Le message de la Cour est clair : le droit du marché intérieur ne peut être ignoré par un instrument élaboré dans le cadre du PCC. La difficulté réside dans le discernement des situations qui relèvent de chaque compétence. S’agissant du domaine spécifique des investissements directs étrangers, il s’agit d’une tâche particulièrement difficile, car par définition, le droit du marché intérieur s’applique aux situations relevant de la notion d’investissement direct étranger. La Cour a maintenant précisé dans Xella que dans le contexte du filtrage des IDE, les investissements intra-UE relèvent exclusivement du marché intérieur, tandis que les investissements réalisés par des investisseurs non européens seront soumis à l’application des instruments CCP à la lumière de la libre circulation des capitaux. Cependant, comme l’ont dûment souligné Thomas Reyntjens et Anna Jorna dans leur article d’opinion, l’étroitesse de l’approche de la Cour quant à l’applicabilité du règlement sur le filtrage des IDE est compensée par une notion large de l’élément transfrontalier requis pour que les dispositions sur la libre circulation s’appliquent. .

Le Xella Ce cas illustre comment, à mesure que les nouveaux instruments de politique commerciale et d’investissement adoptés par l’UE dans le cadre du PCC sont appliqués, ils seront souvent entraînés dans des contextes où leur application entrera en conflit avec les règles du marché intérieur.

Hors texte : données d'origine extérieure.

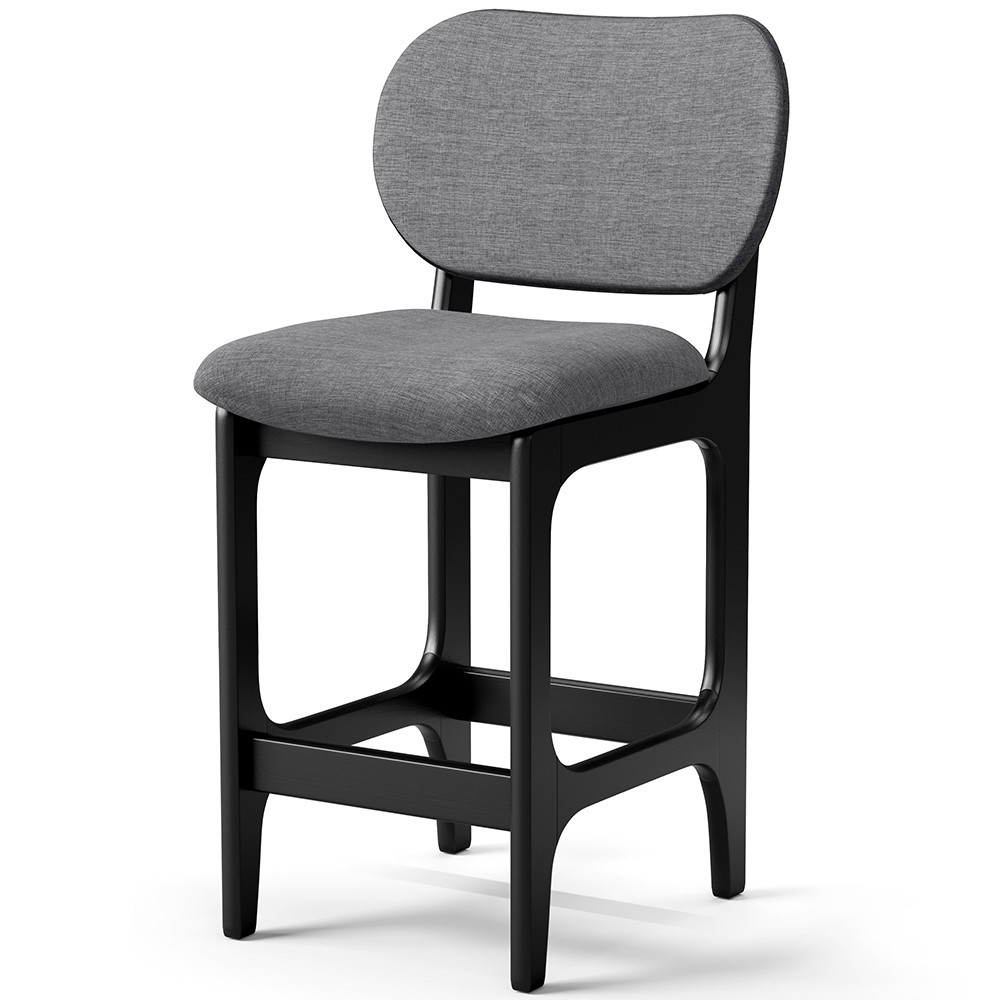 Kit 02 Banquetas Baixa Bar Cozinha E Sala De Jantar Fixa Betta L02 Preto Linho Cinza Escuro - Lyam Decor
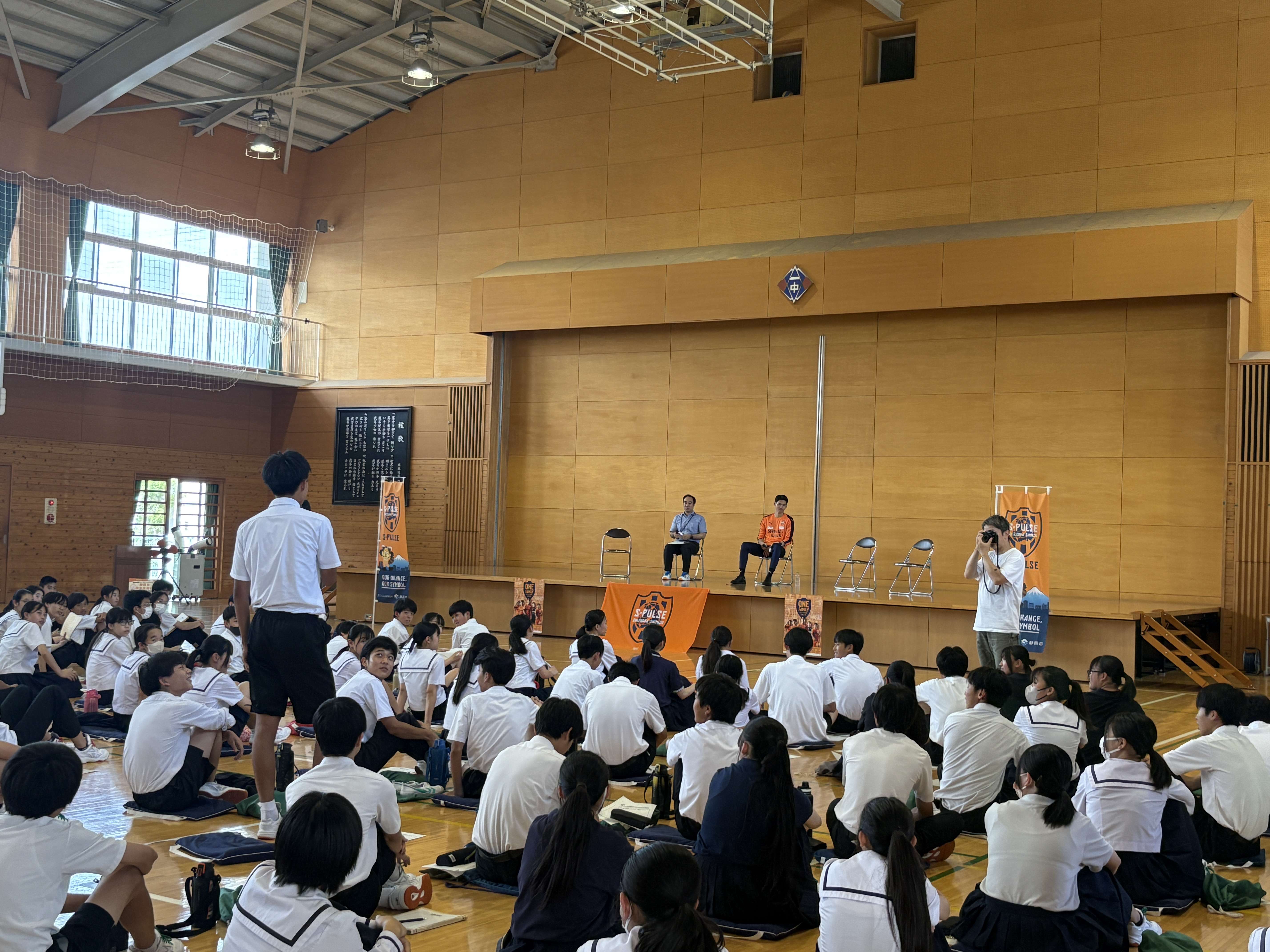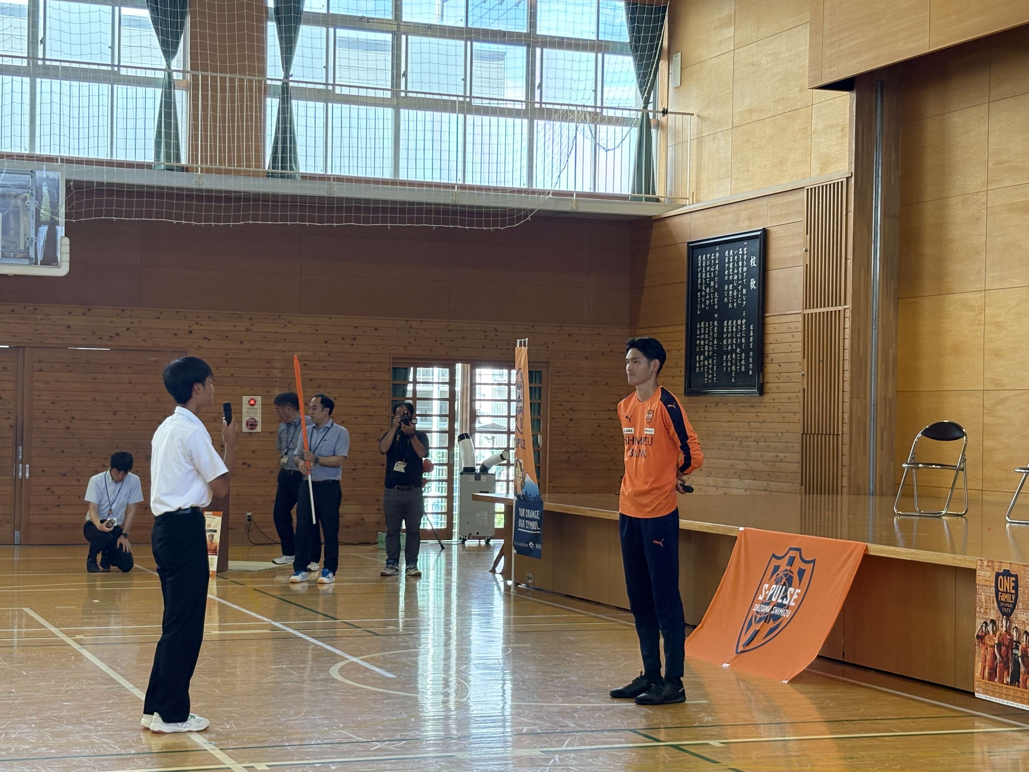 6月25日(水)、エスパルスが実施するホームゲーム招待企画『静岡市中学生招待事業』(トップパートナー: 山内木材産業株式会社)(パートナー:せいうん法律事務所、株式会社Alii Sports Management)の御礼企画として、阿部諒弥選手がホームタウン静岡市の静岡市立清水第一中学校(全校生徒284名)を訪れ、交流を深めました。
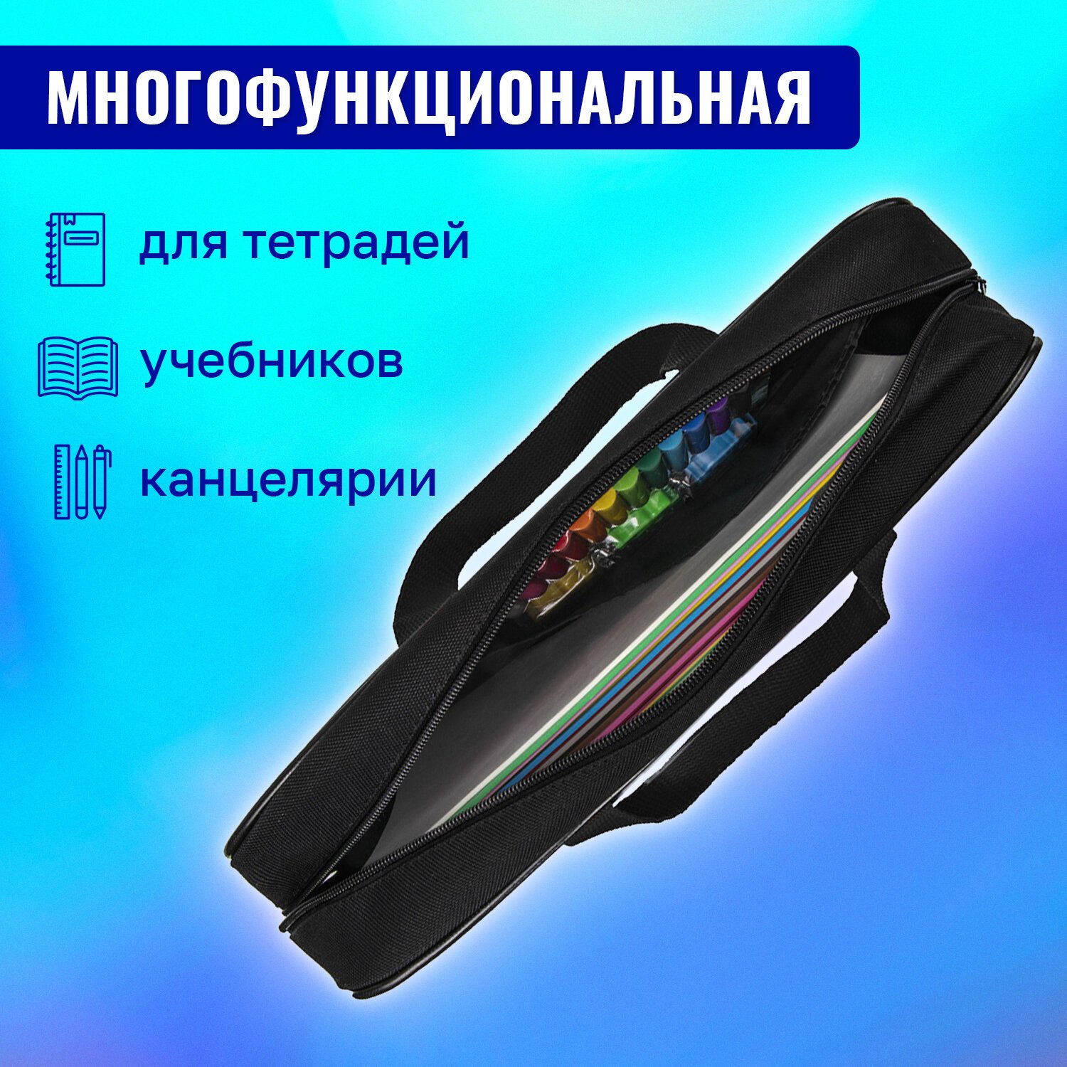 Папка для тетрадей BRAUBERG формата А4 с ручками для переноски. Изготовлена из прочного полиэстера с яркой печатью. Одно отделение. Застегивается на молнию. Папка держит форму за счет прорезиненного канта по краям.

Dans certains cas, la conséquence sera que ces instruments ne s’appliqueront pas à des situations où ils devraient peut-être l’être dans une logique de contrepartie centrale, comme ce serait le cas des « investissements indirects ». Cependant, ce qu’il faut retenir de Xella est que dans les situations intra-UE, il n’y a pas de place pour appliquer les instruments développés dans le cadre du PCC, même à la lumière des nouvelles réalités géopolitiques. Les situations pertinentes doivent plutôt être examinées sous l’angle du marché intérieur.

Conclusion

L’arrêt de la Cour dans Xella cela indique que les principes fondamentaux du droit du marché intérieur ne peuvent pas être modifiés par les récents instruments de commerce et d’investissement développés dans le cadre du PCC. Cela s’applique en particulier à l’accès à toutes les libertés de marché pour les entreprises européennes établies, quelle que soit leur structure d’entreprise internationale. Cela s’applique également au critère bien établi pour justifier les restrictions au marché intérieur.

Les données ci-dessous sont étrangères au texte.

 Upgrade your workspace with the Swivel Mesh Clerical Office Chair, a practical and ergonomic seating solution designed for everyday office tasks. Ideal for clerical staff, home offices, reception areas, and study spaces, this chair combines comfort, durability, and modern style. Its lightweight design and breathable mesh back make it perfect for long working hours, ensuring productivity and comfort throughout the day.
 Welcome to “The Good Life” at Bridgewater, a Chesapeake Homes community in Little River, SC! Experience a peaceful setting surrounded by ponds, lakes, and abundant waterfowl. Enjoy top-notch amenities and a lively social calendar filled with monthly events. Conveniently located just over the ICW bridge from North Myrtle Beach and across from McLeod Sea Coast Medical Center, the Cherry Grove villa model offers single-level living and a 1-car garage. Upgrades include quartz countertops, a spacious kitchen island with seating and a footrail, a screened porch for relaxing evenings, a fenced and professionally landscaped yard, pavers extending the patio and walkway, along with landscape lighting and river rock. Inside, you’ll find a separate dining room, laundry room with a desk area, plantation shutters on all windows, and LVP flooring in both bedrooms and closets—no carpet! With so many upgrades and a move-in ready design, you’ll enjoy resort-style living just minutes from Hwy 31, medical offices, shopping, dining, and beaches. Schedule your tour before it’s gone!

Concrètement, cela signifie que lorsque les investissements directs étrangers dans l’UE sont structurés de manière à inclure une présence européenne, ils pourront bénéficier de normes de protection plus substantielles en vertu du droit du marché intérieur de l’UE. En ce qui concerne spécifiquement le contrôle des IDE, les investisseurs étrangers réalisant un investissement par l’intermédiaire d’une filiale de l’UE ne peuvent en principe pas être soumis au contrôle des IDE par d’autres États membres.

Trajan Shipley est avocat à Bruxelles, Belgique. Sa pratique se concentre sur le droit commercial européen et international.